### Task goal
Nothing but a number is wanted here: the count of lines in the data holding the word "from".

### Collection entries
+ + + + +
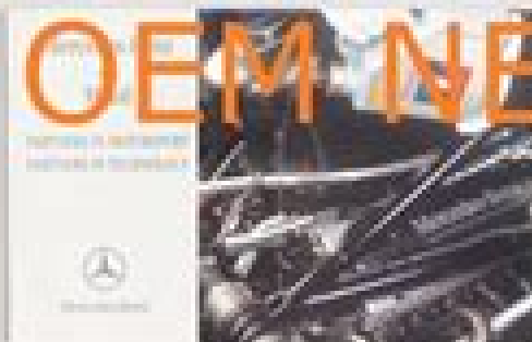
Engine compartment (front view)
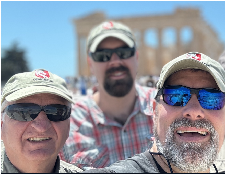
Concilium President with the VP of Operations and Concilium Canada Director at the Areopagus in Athens, Greece, after a Field Security Course in Albania. April, 2024.

“You cannot be obedient to Jesus and His call and not face negative consequences. This is why the Lord uses the stewardship of security to protect His people in their circumstances instead of from their circumstances.”
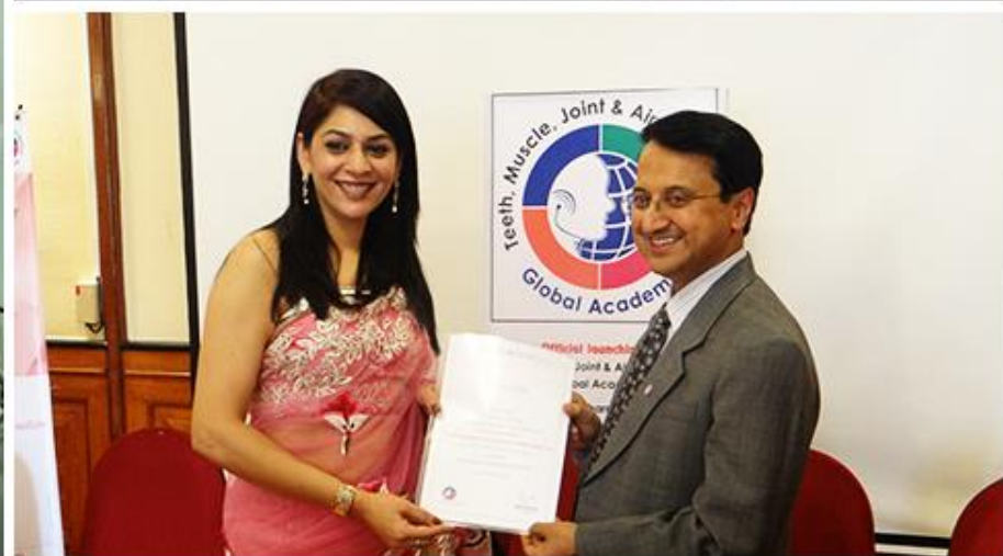
Honored at Sleep Apnea Conference in Nepal
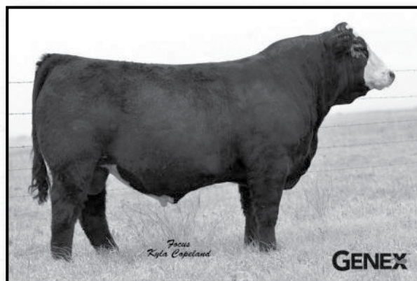
Winc Live Ammo • Sire of lot 25
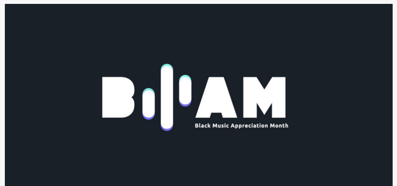
Black Music Appreciation Month Europe
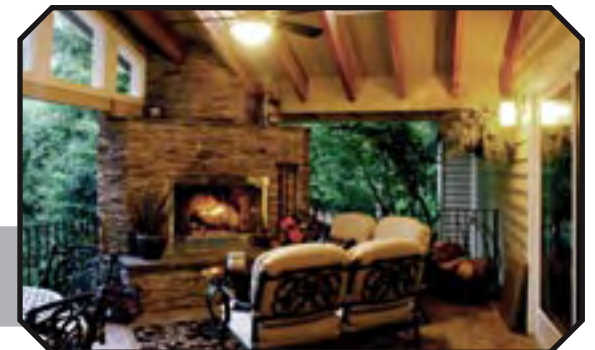
Right: Upper Floor interior of outdoor living space

Heritage, along with ten full time employees, dedicates itself to maintaining professionalism in the remodeling industry. Heritage cares about its customers, employees and the communities where we live and work. Heritage represents commitment, pride, teamwork, and the quality workmanship it takes to make your dreams a reality.
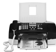
HP Officejet J3608 All-in-One

Print vivid colours, get fade-resistant faxes and communicate easily with the built-in phone – all from one compact all-in-one.
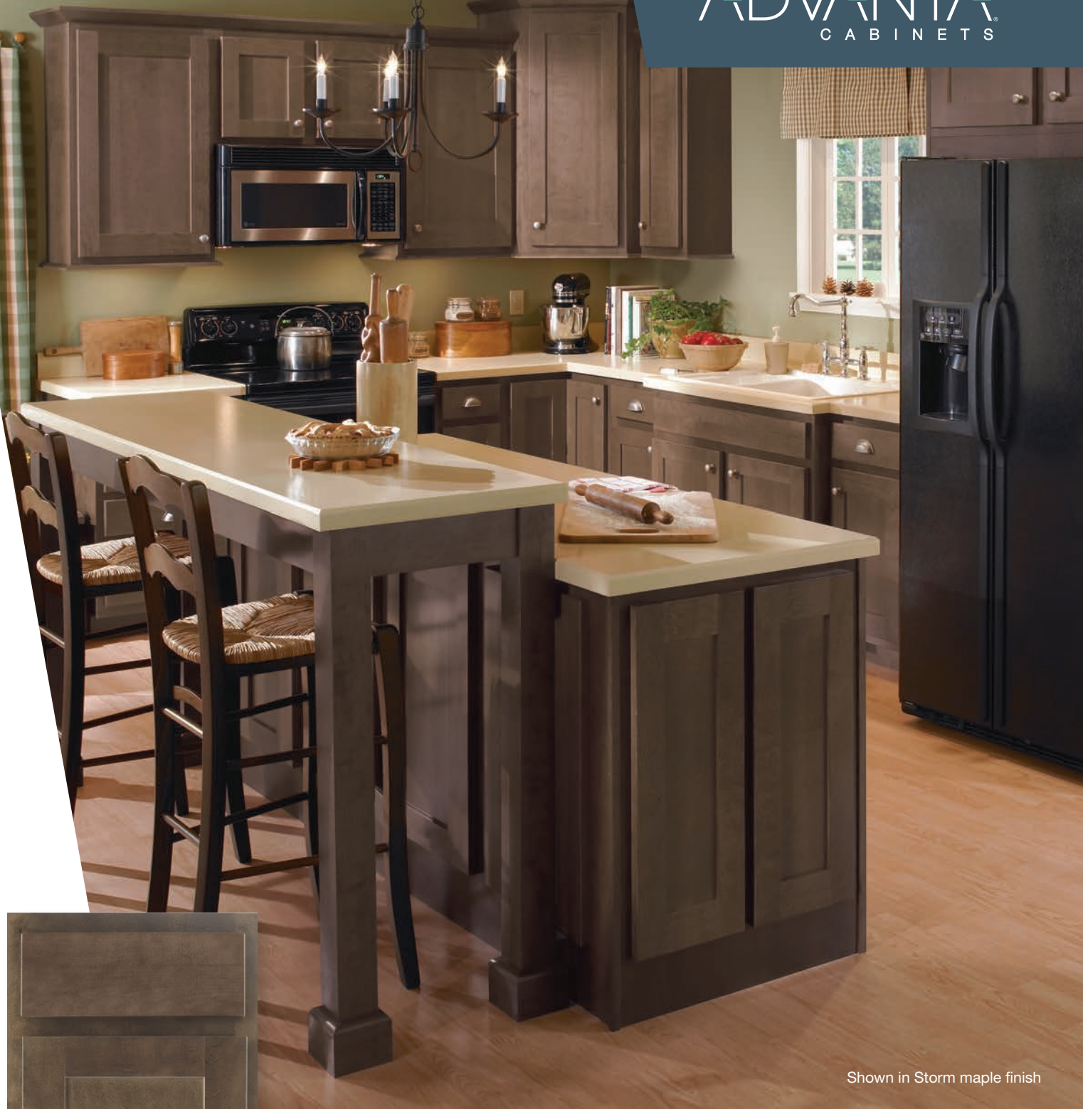
Shown in Storm maple finish
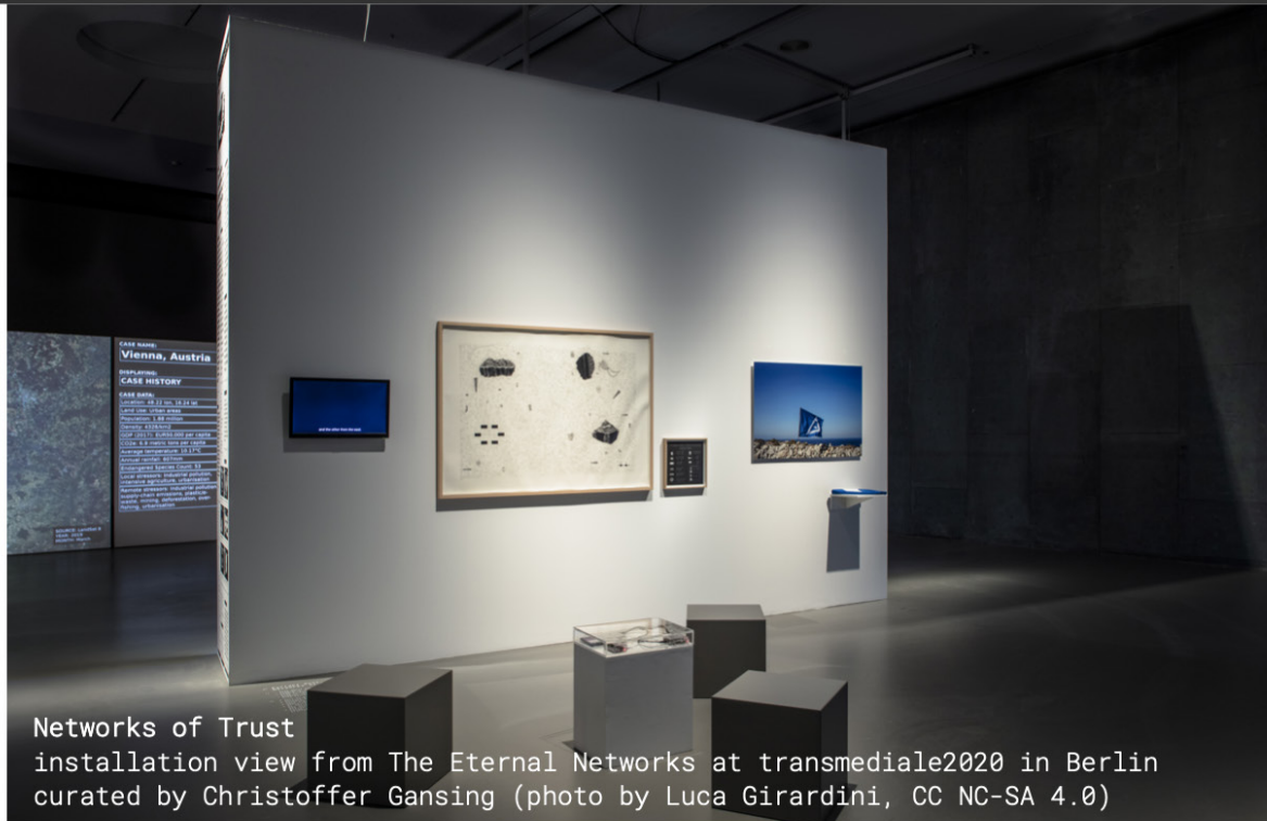
Networks of Trust installation view from The Eternal Networks at transmediale2020 in Berlin curated by Christoffer Gansing
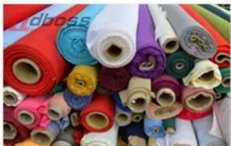
A1 Original Fabric
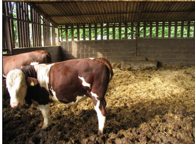
Loose housing - straw bedding area in a barn (can be just bare earth). Cows about to give birth are also housed in straw yards (top). Bulls on dairy farms are also often housed in loose housing when they are not running with the herd (bottom).
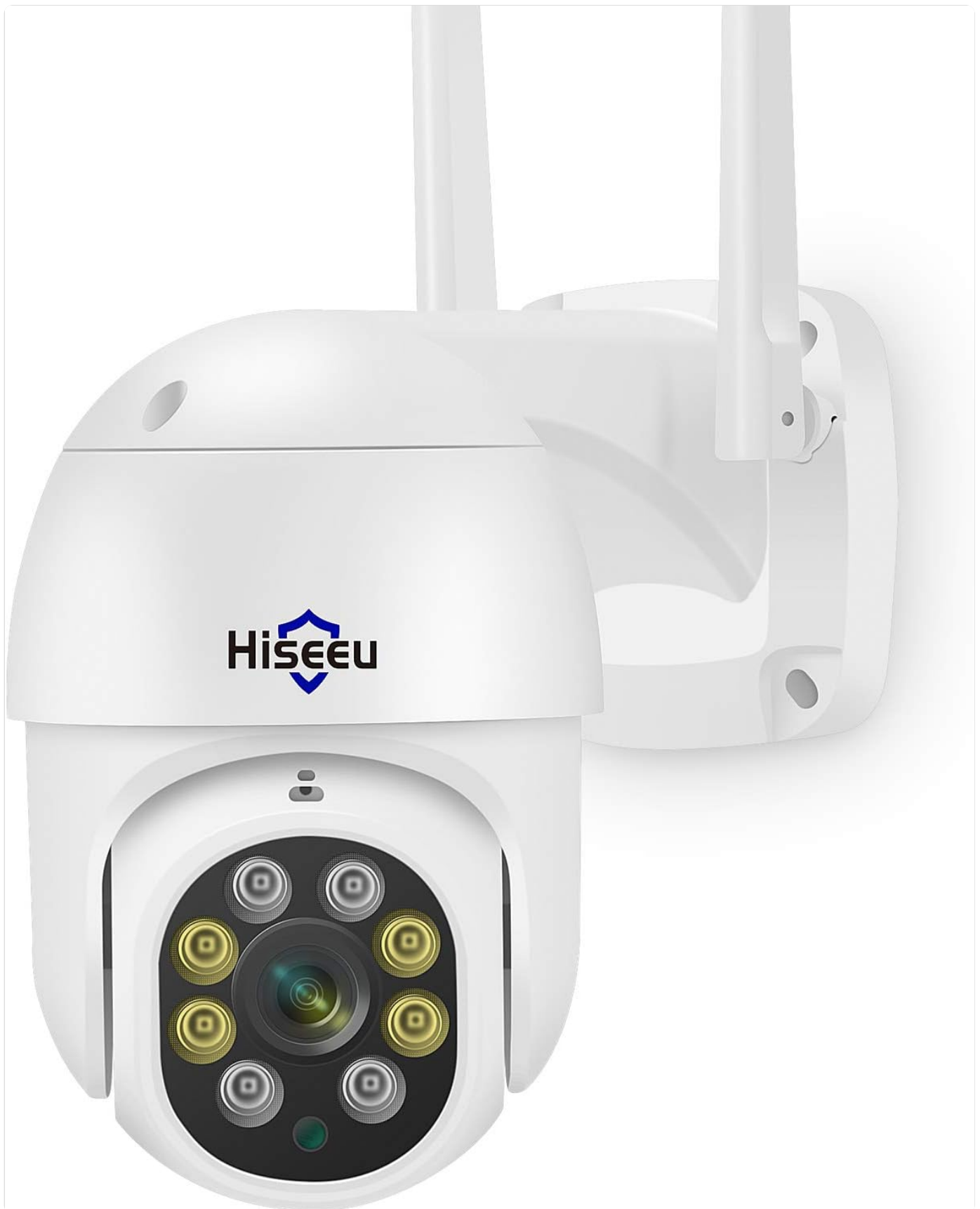
Figure 3: Camera Mounted Outdoors
+ + + + +
### Result of the task
3